Material provided section start

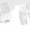Par sa forme et son assise dans le terrain, le bâtiment génère des espaces extérieurs en relation directe avec els différents niveaux: la cour d’entrée et les séjours communs, le jardin et l’unité de gériatrie, les livraisons et l’esplanade de l’hôpital.
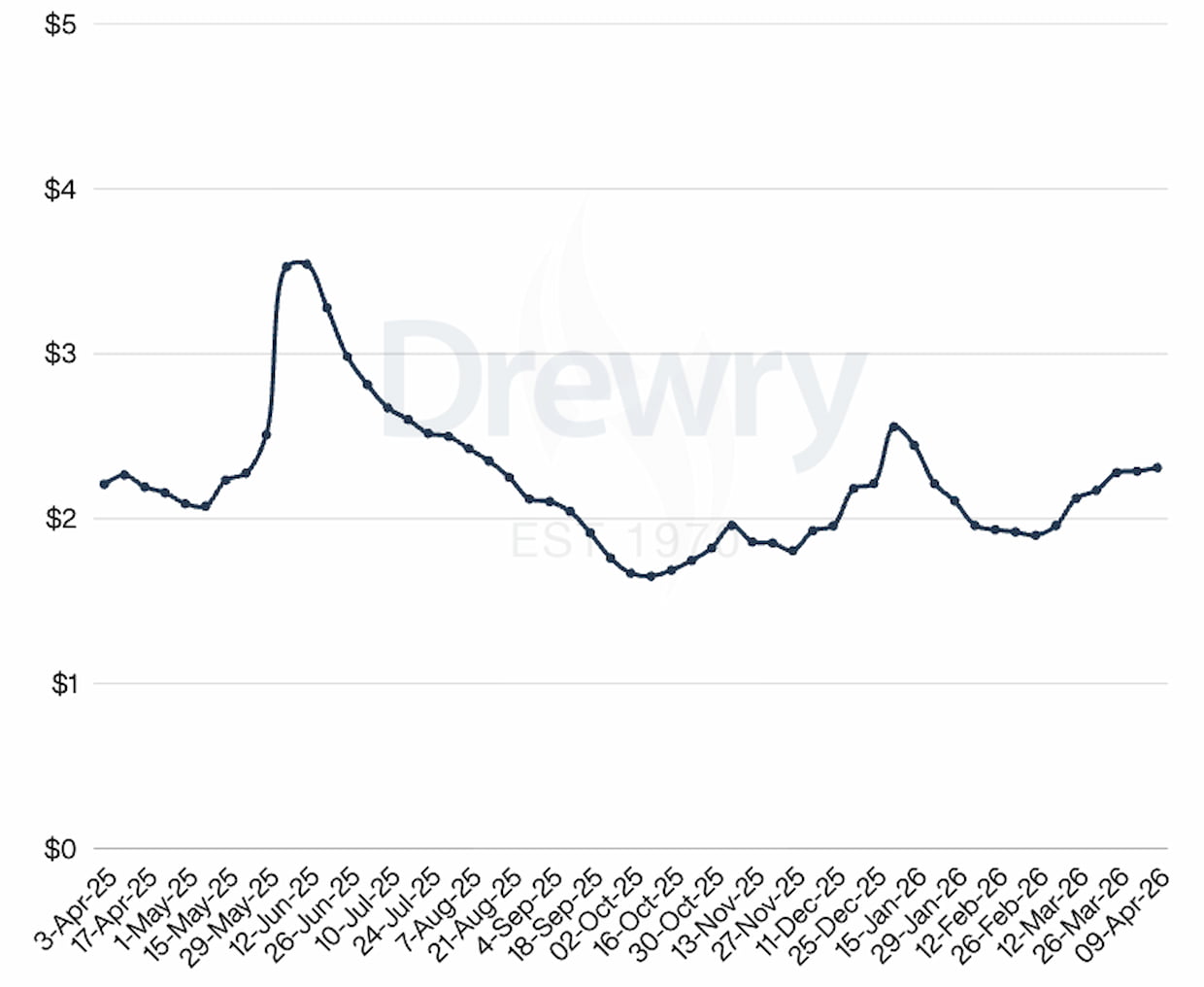 調査・データ英調査会社のドリューリーは9日、世界コンテナ指数(WCI)が前週比1%上昇し、40フィートコンテナ1個あたり2309ドルとなったと発表した。
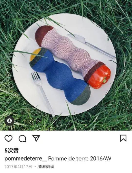 而且这场“邪典艺术”还延伸到了江南布衣旗下的另一个青少年品牌,比方脖子被腰带锁住的女装模特,比方餐盘上的不明形状物体。
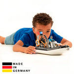 Gracias a su maniobrabilidad y versatilidad, la lancha policial con consola de control es un ayudante importante en la vida cotidiana de la Policía. Para que los niños puedan recrear estas misiones lo más cerca posible de la realidad, el barco de Policía BRUDER es, por supuesto, flotante y está equipado con una luz alrededor.
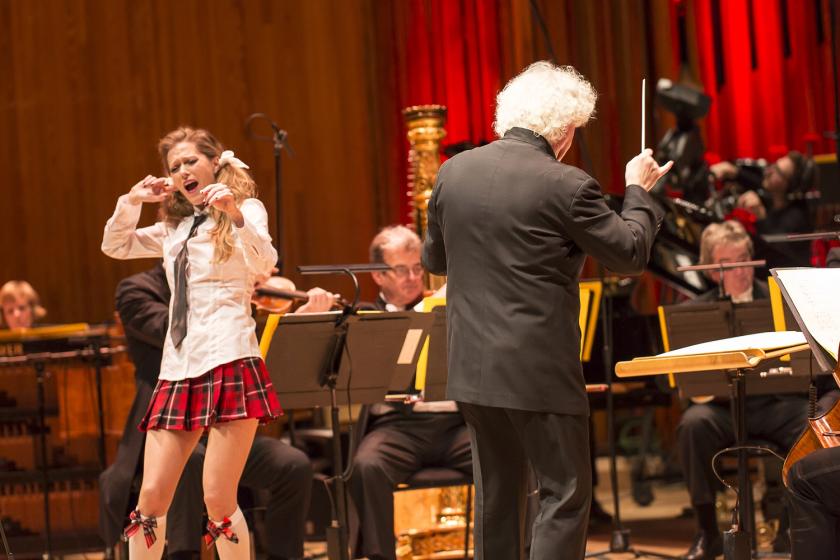 Such demonstrative physical and musical flexibility, as well as the interval for a saucy costume change, have allowed her to bring down the house many times in Ligeti’s Mysteries of the Macabre, and she has developed a slick act with Rattle. She now appeared not as leather-clad dominatrix but naughty schoolgirl  still tossing off Ligeti’s coloratura pyrotechnics while barking and hissing her arbitrary instructions: beyond parody, which may be my problem with both Elgar Howarth’s arrangement and a performance that has lost touch with the political and cultural disenchantment which drove Ligeti to write the opera, notwithstanding Rattle’s theatrical cry of anguish at "Prime Minister Farage"(Rattle reacting pictured above). The laughter can be so loud that it drowns the anger.
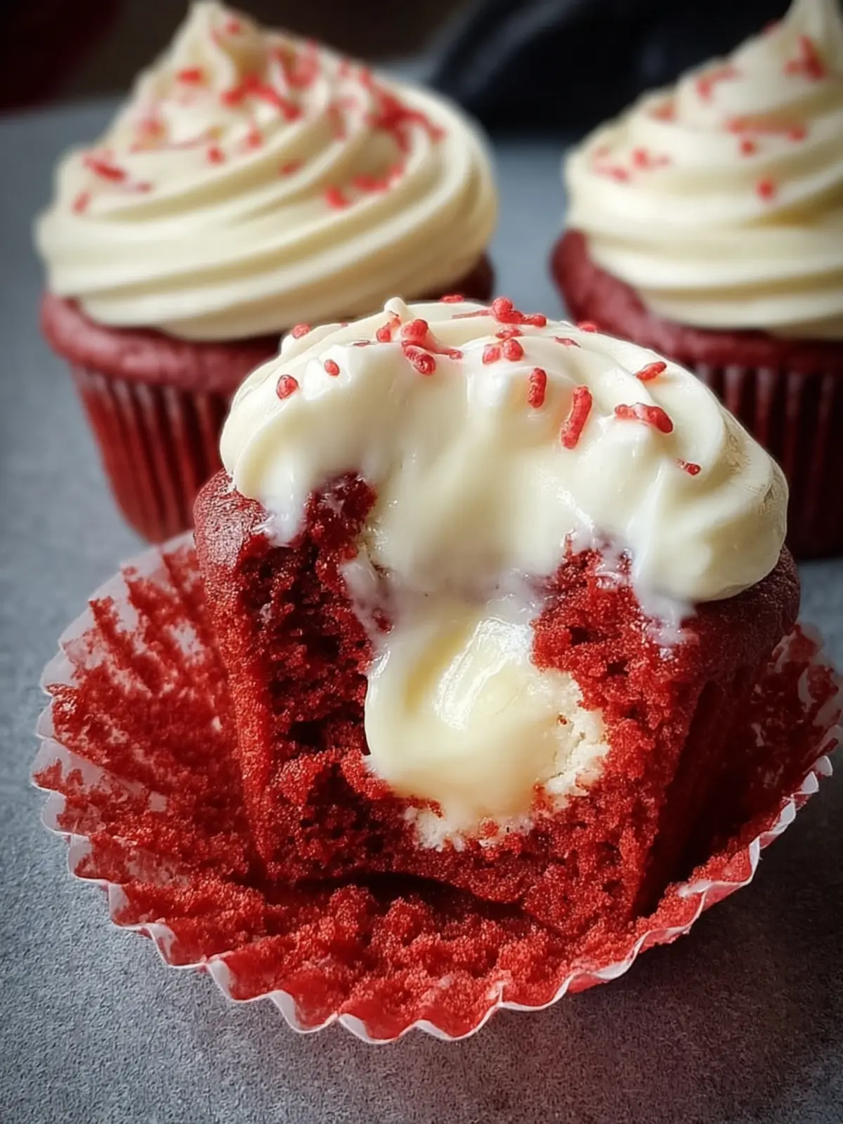 Cream Cheese Filled Red Velvet Cupcakes First Image
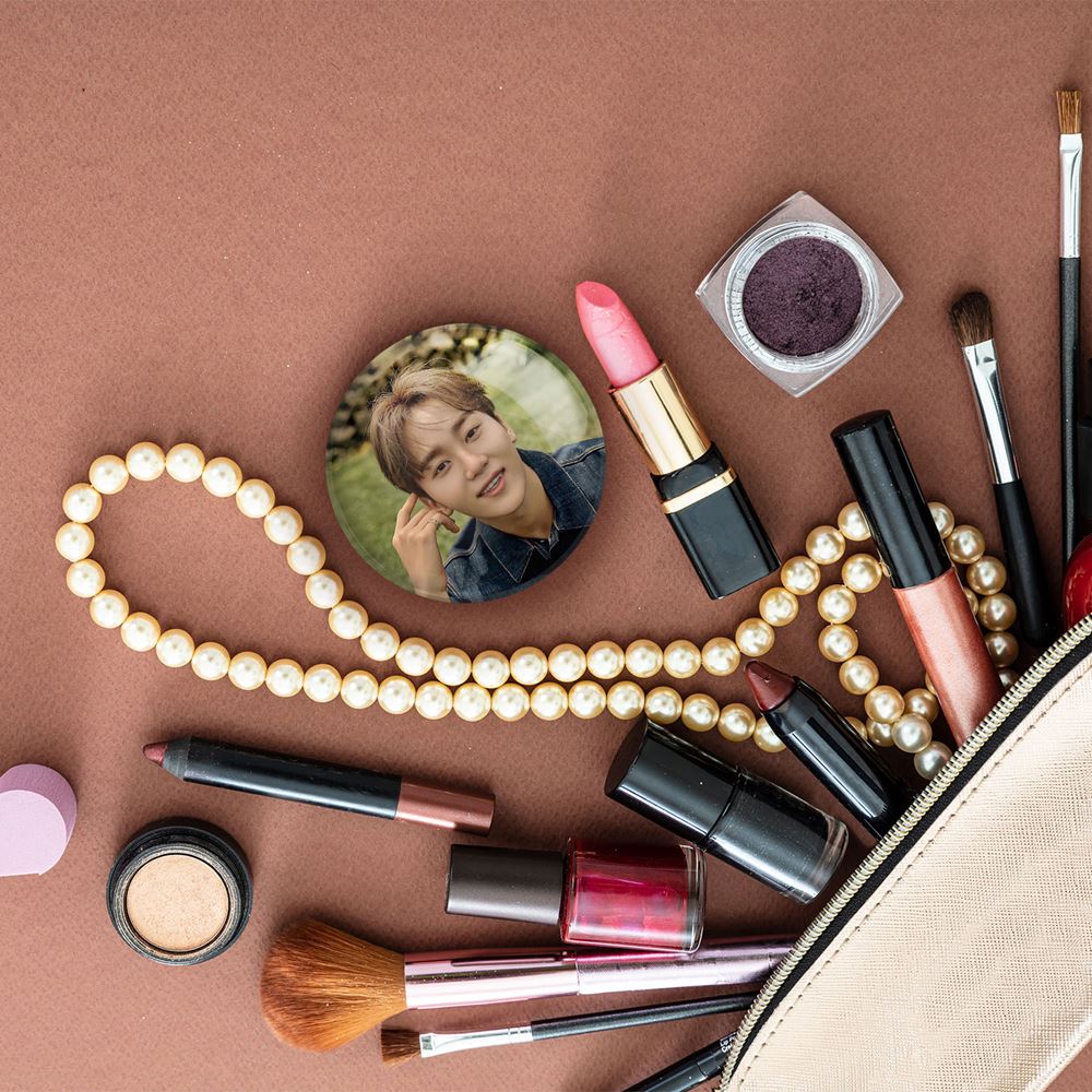 آینه های جیبی سونگ کوان گروه سونتین Seventeen خندالو دایره ای به قطر 7.5 سانتی متر می باشد که نه خیلی بزرگ و غیر قابل استفاده در کیف آرایشی ست و نه خیلی کوچک که تصویر خاصی در آن مشاهده نشود. سایزی استاندارد و کارآمد دارد و مناسب قرار گیری در کیف لوازم آرایش و کیف های کوچک دستی نیز هست.
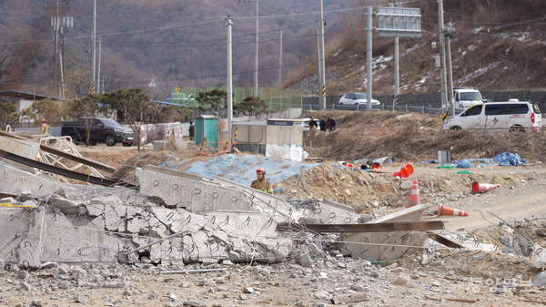 25일 오전 경기 안성시 서운면 산평리의 한 고속도로 공사 현장에서 9공구 천용천교 건설 현장에서 교각에 올려놓았던 상판 4∼5개가 떨어져 내렸다. 교각 위 구조물이 붕괴하면서 인부 8명이 매몰됐다. 손상훈 기자 mjsh9370@dynews.co.kr
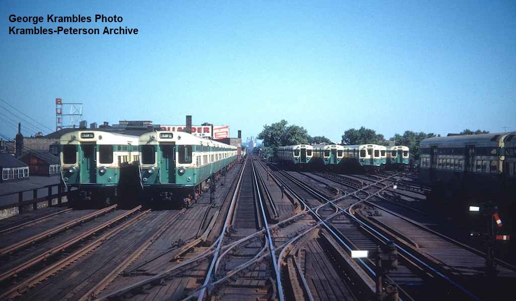 KP1112-CTA Logan Square/Milwaukee/O'Hare, Two 6005-class trains and Logan Square Yard - 07/29/1951
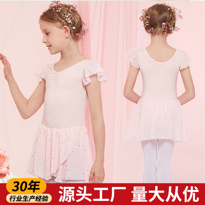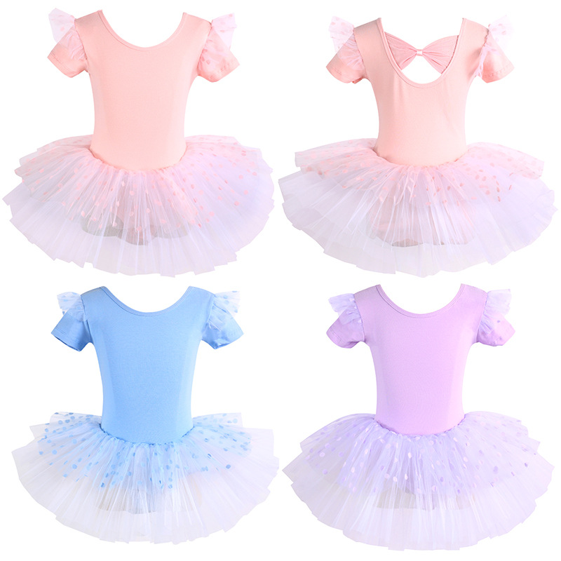 Baju dansa Anak perempuan lengan pendek, baju dansa anak perempuan musim panas, baju latihan anak-anak lengan pendek, baju kasa balet satu potong
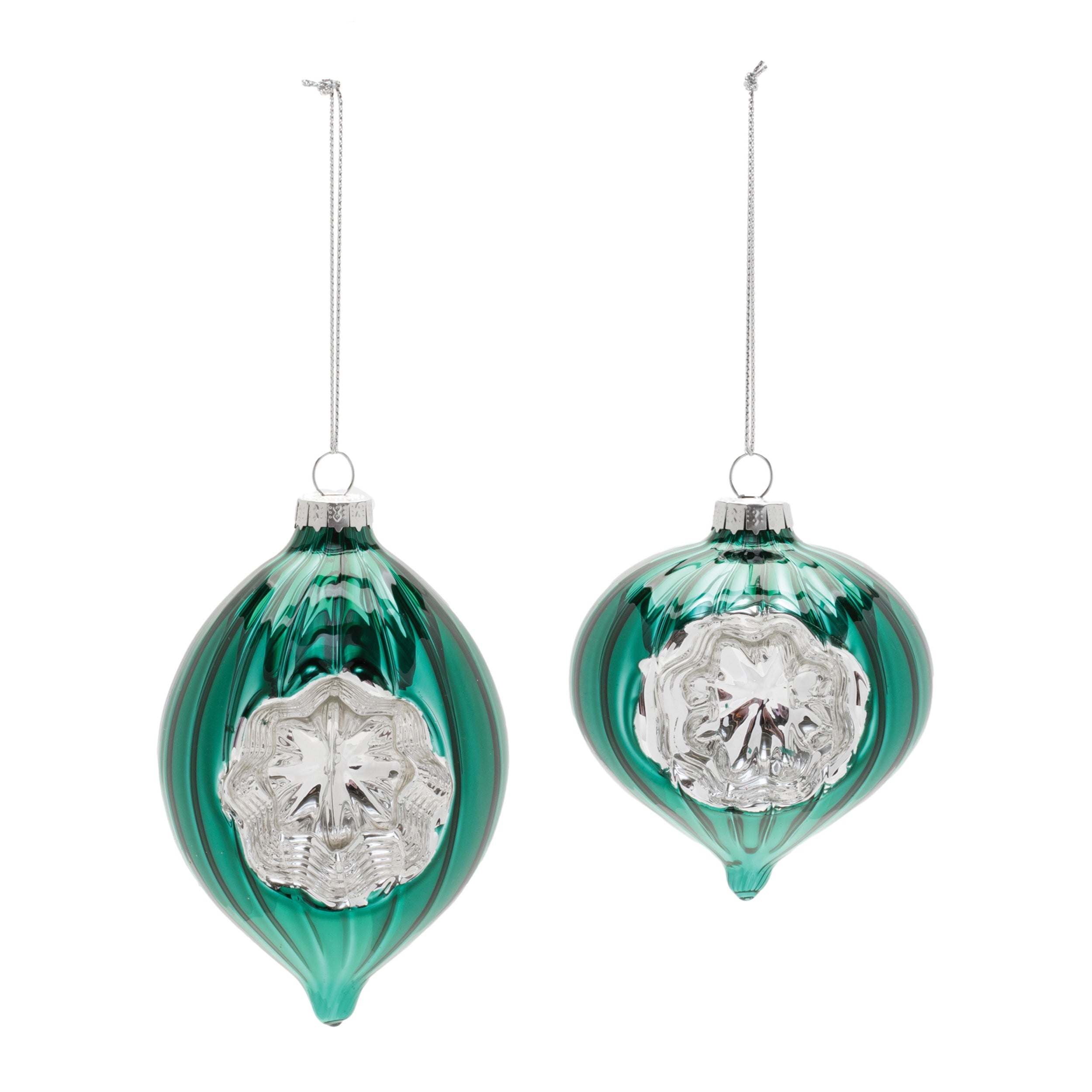 Infuse your holiday décor with vintage elegance using this set of 12 Green & Silver Reflector Glass Ornaments. Crafted from glass, each ornament features a radiant jewel-tone green finish with shimmering silver starburst insets. The set includes two traditional shapes measuring 3.25 x 3 x 3.5"H and 4.25 x 3 x 3.5"H, adding layered dimension and visual interest to any tree or display.

Material provided section end

> [What the task asks]:
Your answer is the exact run of lines above from the one with "Gracias a su" through the one with "Cream Cheese Filled", both ends included, minus any picture.

> [Output of the task]:
 Gracias a su maniobrabilidad y versatilidad, la lancha policial con consola de control es un ayudante importante en la vida cotidiana de la Policía. Para que los niños puedan recrear estas misiones lo más cerca posible de la realidad, el barco de Policía BRUDER es, por supuesto, flotante y está equipado con una luz alrededor.
 Such demonstrative physical and musical flexibility, as well as the interval for a saucy costume change, have allowed her to bring down the house many times in Ligeti’s Mysteries of the Macabre, and she has developed a slick act with Rattle. She now appeared not as leather-clad dominatrix but naughty schoolgirl  still tossing off Ligeti’s coloratura pyrotechnics while barking and hissing her arbitrary instructions: beyond parody, which may be my problem with both Elgar Howarth’s arrangement and a performance that has lost touch with the political and cultural disenchantment which drove Ligeti to write the opera, notwithstanding Rattle’s theatrical cry of anguish at "Prime Minister Farage"(Rattle reacting pictured above). The laughter can be so loud that it drowns the anger.
 Cream Cheese Filled Red Velvet Cupcakes First Image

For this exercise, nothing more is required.